What was it with yesterday, anyway? It was one of those days that 'whatever could go wrong, went wrong'. First it was the train, and then when I arrived at that job, there was a a big mess downstairs in the waiting area. Now, let me explain...there are two programs in my building-- the substance abuse and mental health component on the 2nd floor which I work for and the mental health component for those without substance abuse which is on the third floor. Both are a part of the organization I work for. So, when I get in yesterday, there was argument going on between two of the third floor clients--an older man and a woman. Whatever the cause, it had started before I got there. The woman was sitting on the sofa attempting to mind her own business, but he just kept walking up to her and calling her some of the nastiest names. I give her credit; she did her best to keep her cool, but he wasn't going to let this go, and I could just see it escalating...so, even though they weren't clients in my program,I was staff and expected to intercede so I asked him to please step away...which at first he did, but then, before I knew it, he was back; he walked over to her and kicked her real hard in the leg; now, she hopped up with her fists pumping, and the two started taking shots at each other.
"Oh, no, just what I need," I thought.

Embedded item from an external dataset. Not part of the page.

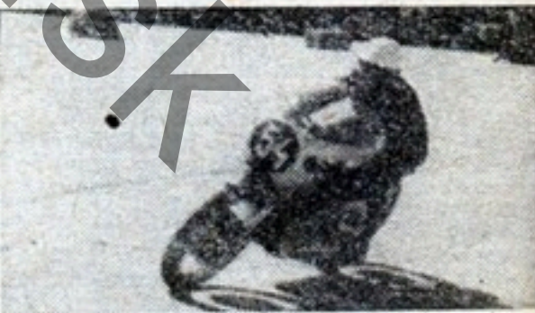
Vítěz dvěstěpadesátek - Klaus Enderlein na MZ

What do I do? I'm the only staff member there, and this is working its way into a full-fledged battle where someone is going to get hurt. The other third floor clients are just standing around watching, no one is helping. I can't put my hands on either one of them, or I could get fired...(remember hubby?) I don't have a cell phone to call 911, and I can't leave there with those two 'duking it out' to go upstairs to use the phone. I'm 63 years old and not about to get in the middle of this. So, I just muscled up my loudest, most assertive voice and said "That's enough. Stop it." I must have sounded pretty darned scary because, to my surprise, the man immediately stopped and walked outdoors.
Fight over, I stood there and breathed a sigh of relief, but it also left me thinking. What would I have done if this escalated even further? Now, I fully realized the predicament hubby had been in, only the client was attacking HIM. It was a wakeup call for me. It made me realize just how quickly things can get out hand when you are working with mental illness...and I am not gonna lie; it scared me. I used to work with the parole program and nothing about those clients scared me; they were puppy dogs compared to what I work with now. Was it enough to make me quit? No, but it was enough to make me aware that I can 'never' let my guard down.
Then, I go upstairs and we're short-staffed...yet again...and I have to combine groups...yet again. And then, there is one client after another to see, an intake...By the end of the day, my head was spinning...but that is the nature of the beast. I am telling you this, though, going home, stripping off my clothes, and parking my butt in front of the television to lose myself never felt so good.